Nos distraen con discursos de democracia y geopolítica, pero lo que realmente mueve los hilos es otra cosa.

Catalina la Grande supo que no bastaba con gobernar, que el verdadero poder se tomaba con un golpe certero, sin titubeos. Derrocó a su esposo Pedro III sin mirar atrás, porque entendió que Rusia no podía estar en manos de un líder débil, manipulable, subordinado que rendía la soberanía de su nación en pro de intereses ajenos. En su tiempo, el enemigo era Prusia; hoy, las potencias ya no necesitan generales ni invasiones. El verdadero poder no está en los ejércitos, sino en las estructuras invisibles que manejan el dinero, el crimen y la política como si fueran piezas del mismo juego.

Trump es acaso un Pedro III. Tomemos un caso concreto: la llamada telefónica entre Donald Trump y Volodímir Zelenski en 2019. Se suponía que era un diálogo entre aliados, pero en realidad reveló la lógica oculta del poder. Trump condicionó la ayuda militar a Ucrania—casi 400 millones de dólares—a cambio de información comprometedora sobre su rival político, Joe Biden. No era una cuestión de geopolítica ni de principios democráticos. Era un negocio.

Este escándalo llevó al primer juicio político (impeachment) contra Trump, bajo los cargos de abuso de poder y obstrucción al Congreso, aunque el Senado (de mayoría republicana) lo absolvió en 2020. ¿Aún creen en la transparente justicia congresional?
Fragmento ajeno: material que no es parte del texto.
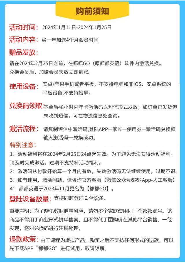 一年卡 加赠 4 个月都都英语会员时间,团购销售价 699 元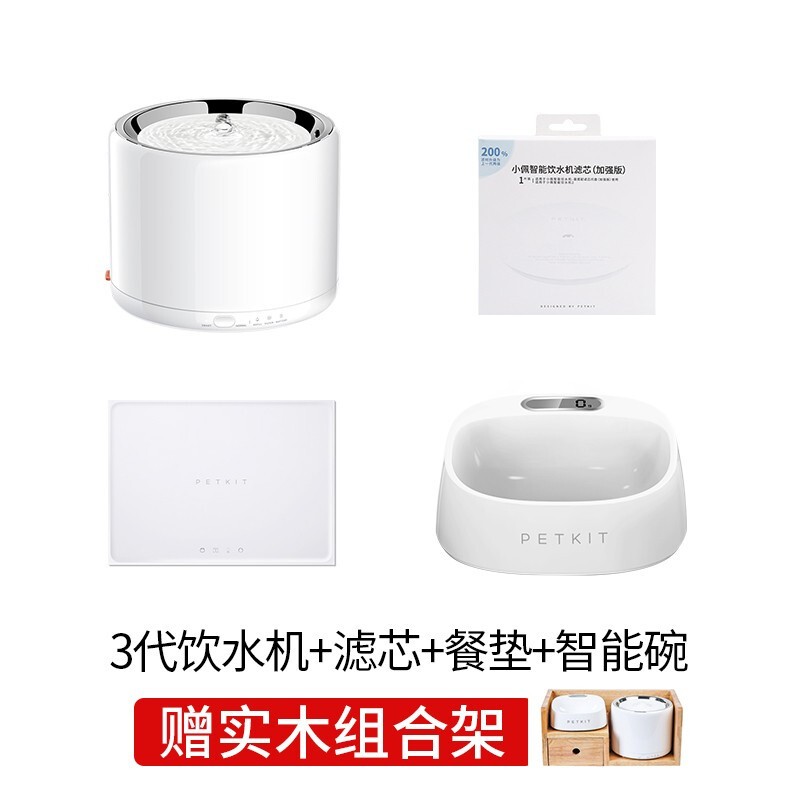 小佩PETKIT 第三代智能宠物饮水机喂食器套装猫咪狗自动循环不锈钢宠物饮水机 3代饮水机 智能碗 滤芯 餐垫( 组合架)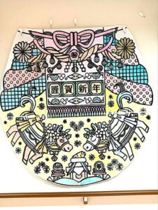 「ポップなお正月デザインの塗り絵」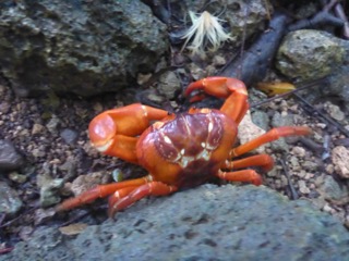 The island is populated by about 1,200 people - White Australians, Malays, Chinese and various other Asian types. The Chinese being the most populous. The Island is about 10 miles by 8 miles in the shape of a scottie dog. It is a volcano which we were told erupted about 60 million years ago [young by geological standards] and then later sank below the surface - coral formed and grew and decayed back to limestone. The surface of the island is now limestone, phosphates [phosphate mining is the largest employer on the island], basalt, pumice nd a rather thin layer of soil from rotting vegetation with tropical rain forest. It seems they get about 2.6 meters of rainfall a year - sadly the most of this years ration fell during our visit. Never have we been so thoroughly wetted! Carango was escorted into the island shelter mooring by the Royal Australian Navy, with an impressive turn of speed and a sharp turn which impressed us and burned quantities of diesel for the Australian tax-payer. ![]() The Island is unique for it millions of Red Crabs which when in annual migration stop all traffic as they cross roads. Some special underpasses have been built for these crabs but the roads stop for crabs. ![]() ![]() ![]() ![]() |
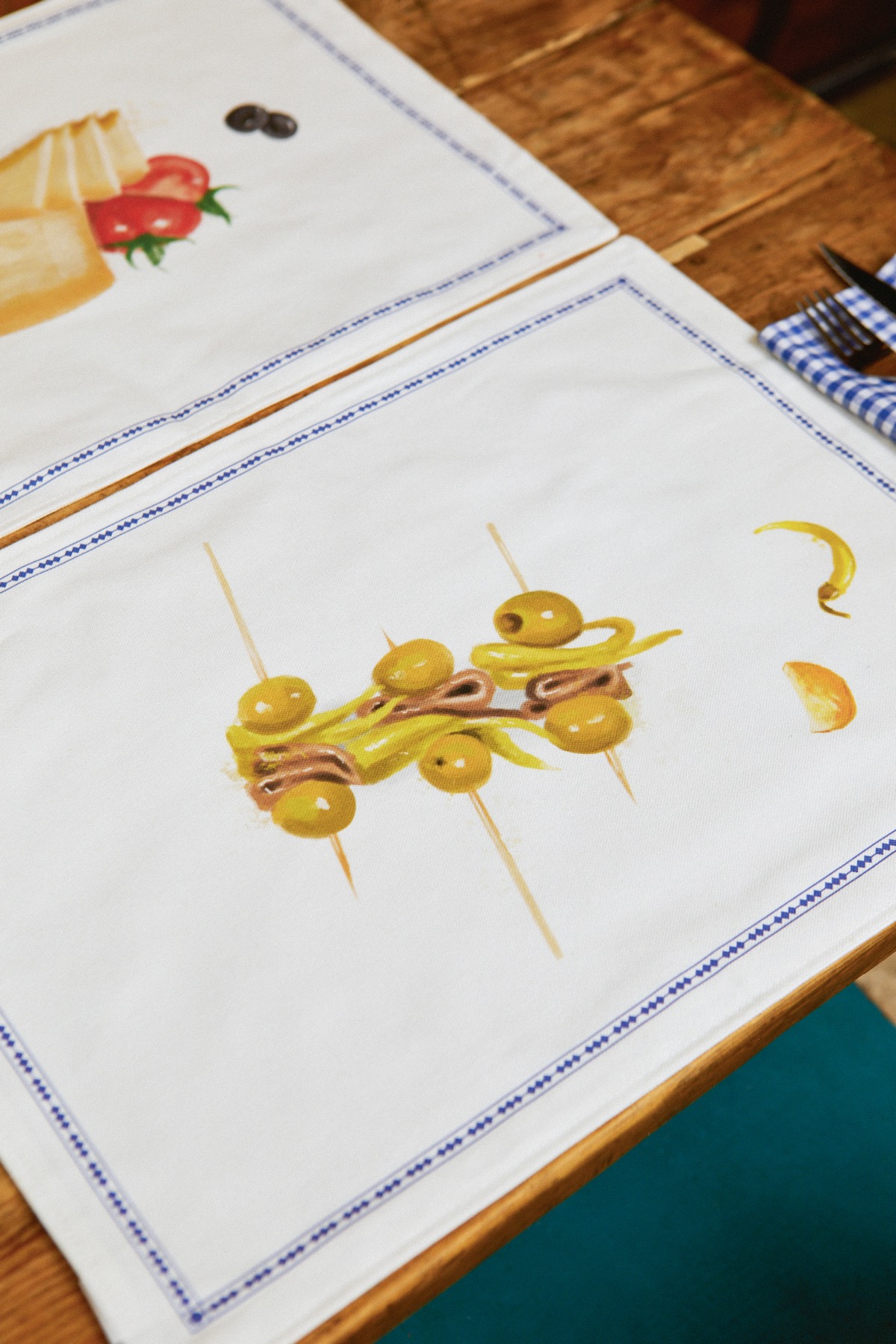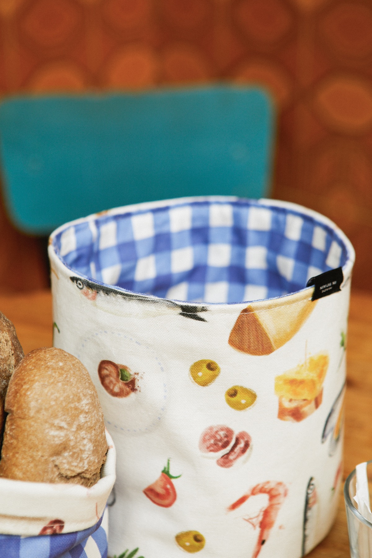 Detalle del tejido de la colección Tapas de Eturel, con motivos gastronómicos españoles integrados en un patrón continuo sin cortes visibles.

Ucrania, un país atrapado en una guerra existencial con Rusia, quedó reducido a una ficha en el ajedrez de la política interna estadounidense.

Este caso no es único. Los grandes conflictos actuales no se libran solo en el campo de batalla, sino en las salas de juntas de los bancos y en los despachos de las corporaciones. Mientras EE.UU. envía miles de millones a Ucrania, las empresas de defensa como Lockheed Martin y Raytheon reportan ganancias récord: en 2023, el gasto militar mundial alcanzó 2,4 billones de dólares, el más alto de la historia. ¿Se trata de ayudar a un país invadido o de alimentar la maquinaria de guerra? ¿Importan las bajas en combate, el dolor de los deudos o el horror sangriento de la guerra? Suena la campana de Wall Street e ilusiona a los nuevos inversionistas en armamentos sofisticados: las acciones de Lockheed Martin subieron en la bolsa más emblemática del mundo, que tampoco ha sido invulnerable al lavado de dinero sucio.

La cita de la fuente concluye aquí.